I have a cross with Matt’s Wild and a couple crosses with Home Stoop made this year.
I think I should add Mexico Midget to the list. I have it and its descendant Dwarf Eagle Smiley. My 314 cross is descended from Dwarf Eagle Smiley and I made 11 new crosses with 314 this year, Including Matt’s Wild x 314. So, I might already have a few crosses that need testing for Early Blight and Alternaria resistance.
Last summer I grew Joseph’s line of promiscuous outcrossers and noticed (1) they seemed to tolerate the leaf blights that come late in the season when the plants get stressed better than the other tomatoes, including some of my own breeding lines and (2) when fall frost came they seemed less affected than the others, but hard frosts did eventually bring them to a stop at the end of the the season. I don’t grow Early Girl as I don’t care for the flavor of that one. I do grow SunSugar and have some 50/50 crosses with other cherry sized tomatoes.
One last thing – one of @Joseph_Lofthouse 's tomatoes had the absolutely most BRILLIANT RED
fruits that I have ever seen. Many decades ago I had a line with Heinz 2653 as one parent that had really nice red tomatoes, but this one was even better and brighter than that. (I have saved seed of all of Joseph’s plants separately so I can regrow that eye popper next summer as well.) I just grabbed my harvest notebook and see that I wrote “Beautiful vivid Red color” for that plant.

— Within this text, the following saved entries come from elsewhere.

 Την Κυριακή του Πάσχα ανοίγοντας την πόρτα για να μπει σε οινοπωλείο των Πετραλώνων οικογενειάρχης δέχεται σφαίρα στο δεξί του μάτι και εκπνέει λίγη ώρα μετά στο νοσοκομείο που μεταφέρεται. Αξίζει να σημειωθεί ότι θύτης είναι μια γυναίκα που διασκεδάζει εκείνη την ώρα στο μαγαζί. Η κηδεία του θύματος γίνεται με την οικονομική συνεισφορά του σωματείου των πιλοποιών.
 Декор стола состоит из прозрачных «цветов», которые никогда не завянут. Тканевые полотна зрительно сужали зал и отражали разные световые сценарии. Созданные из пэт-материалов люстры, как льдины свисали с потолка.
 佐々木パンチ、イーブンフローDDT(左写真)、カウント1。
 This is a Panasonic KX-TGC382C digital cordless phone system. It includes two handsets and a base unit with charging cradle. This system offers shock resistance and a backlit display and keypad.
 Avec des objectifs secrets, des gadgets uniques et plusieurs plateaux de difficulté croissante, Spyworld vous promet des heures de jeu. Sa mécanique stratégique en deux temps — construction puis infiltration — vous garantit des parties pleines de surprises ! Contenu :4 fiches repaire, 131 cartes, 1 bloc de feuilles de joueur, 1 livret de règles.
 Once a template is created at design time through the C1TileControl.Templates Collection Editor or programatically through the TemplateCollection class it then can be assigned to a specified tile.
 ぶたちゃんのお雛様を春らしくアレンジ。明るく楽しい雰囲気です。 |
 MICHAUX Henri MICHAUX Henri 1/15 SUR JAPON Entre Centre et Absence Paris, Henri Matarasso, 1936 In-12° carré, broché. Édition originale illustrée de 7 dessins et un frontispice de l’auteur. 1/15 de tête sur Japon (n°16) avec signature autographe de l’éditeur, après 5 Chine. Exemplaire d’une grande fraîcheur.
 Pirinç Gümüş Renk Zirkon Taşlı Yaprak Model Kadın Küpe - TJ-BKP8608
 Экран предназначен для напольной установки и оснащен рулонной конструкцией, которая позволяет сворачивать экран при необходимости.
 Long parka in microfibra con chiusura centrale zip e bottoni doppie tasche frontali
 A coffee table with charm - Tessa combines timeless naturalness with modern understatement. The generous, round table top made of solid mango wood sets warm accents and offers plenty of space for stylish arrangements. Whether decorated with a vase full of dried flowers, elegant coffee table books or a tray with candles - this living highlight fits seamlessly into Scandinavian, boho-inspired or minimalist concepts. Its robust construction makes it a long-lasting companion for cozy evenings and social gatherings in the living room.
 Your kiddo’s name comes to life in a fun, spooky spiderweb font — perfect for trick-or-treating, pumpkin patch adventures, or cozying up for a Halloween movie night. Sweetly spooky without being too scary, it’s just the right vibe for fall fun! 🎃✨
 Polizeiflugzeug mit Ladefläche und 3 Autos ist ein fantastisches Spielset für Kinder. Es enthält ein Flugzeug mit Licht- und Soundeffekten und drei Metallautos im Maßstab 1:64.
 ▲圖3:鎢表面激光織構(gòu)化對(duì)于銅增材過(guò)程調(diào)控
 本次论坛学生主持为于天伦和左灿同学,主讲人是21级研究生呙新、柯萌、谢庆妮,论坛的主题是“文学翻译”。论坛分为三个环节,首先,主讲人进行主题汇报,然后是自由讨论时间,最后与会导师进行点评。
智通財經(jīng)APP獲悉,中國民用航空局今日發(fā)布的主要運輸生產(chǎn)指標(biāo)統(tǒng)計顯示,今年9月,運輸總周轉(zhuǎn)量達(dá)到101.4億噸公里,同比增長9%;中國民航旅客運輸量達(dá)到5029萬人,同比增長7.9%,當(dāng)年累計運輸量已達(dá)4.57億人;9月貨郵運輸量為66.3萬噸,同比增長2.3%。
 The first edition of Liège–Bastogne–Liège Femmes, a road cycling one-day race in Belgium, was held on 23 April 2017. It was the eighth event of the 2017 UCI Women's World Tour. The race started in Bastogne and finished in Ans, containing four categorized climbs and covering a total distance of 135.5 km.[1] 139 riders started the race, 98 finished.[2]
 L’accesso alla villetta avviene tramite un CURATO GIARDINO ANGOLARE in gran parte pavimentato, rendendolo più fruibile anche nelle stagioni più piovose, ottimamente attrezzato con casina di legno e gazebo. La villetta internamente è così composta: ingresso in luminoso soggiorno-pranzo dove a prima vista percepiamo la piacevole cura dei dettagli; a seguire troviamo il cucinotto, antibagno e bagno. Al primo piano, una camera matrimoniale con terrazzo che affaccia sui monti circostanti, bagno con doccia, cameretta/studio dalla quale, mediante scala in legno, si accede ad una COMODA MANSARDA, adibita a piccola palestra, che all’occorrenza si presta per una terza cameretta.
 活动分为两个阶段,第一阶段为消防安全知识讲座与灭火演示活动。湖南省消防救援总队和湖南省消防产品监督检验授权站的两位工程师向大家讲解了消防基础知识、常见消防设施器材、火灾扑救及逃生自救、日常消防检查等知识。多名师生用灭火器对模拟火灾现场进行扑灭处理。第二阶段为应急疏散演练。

I had 27 plants of that line.
Some of the varieties I sent you this year came from two generations of disease-tolerance selection in Kentucky, South Carolina, and northern California. Hoping they thrive for you. I sent seeds to 3 growers in your area, so looking forward to expanding the evaluation of their tolerance.
Too funny! I have spent years trying to eliminate the red-colored trait in these tomatoes.
It will be interesting to see how they do. I’m planning on treating them like I’m a beginner with very little knowledge on how to grow things. That’s what I did with the seed Anna sent me last spring. That allows me to see what the genetics can really do. It appears as though that line might have a little bit of frost tolerance. The squash vines (C. maxima) right next were killed by the frost. Also the vines had very little blight issues on the leaves although on the bottom leaves I could tell they were needing Potassium and the soil here is low in that nutrient.
Actually those 27 plants did have some orangish colored tomatoes. One plant looked like SunSugar and there was at least one that had red and yellow cells in the fruit that made it look orange at first glance. There were a couple that were green at harvest as well.
One of the ancestors of the Profoundly Promiscuous and Totally Tasty Tomatoes project came from 11,000 feet in the Andes mountains. In my garden, it survived 2 months in the fall, after all other tomatoes turned to dust. It finally succumbed in mid-November.
Another ancestor won my cold/frost tolerance trials. It didn’t show tolerance to frost as a seedling, but it grew exceedingly well in cold weather.
That’s interesting. I wish I could find that frost resistance in Winter Squash. The only vegetables I am able to grow here in Minnesota in January are Snow Peas, Iceberg Lettuce and Icicle Radishes (oops). Actually I am planning a greenhouse for next winter. It will be what they call a Deep Winter Greenhouse or DWG. It won’t be very big but it will have a woodstove for heating and will be attached to my tiny cabin which is 8’ x 12’. Yes, I live in something that size.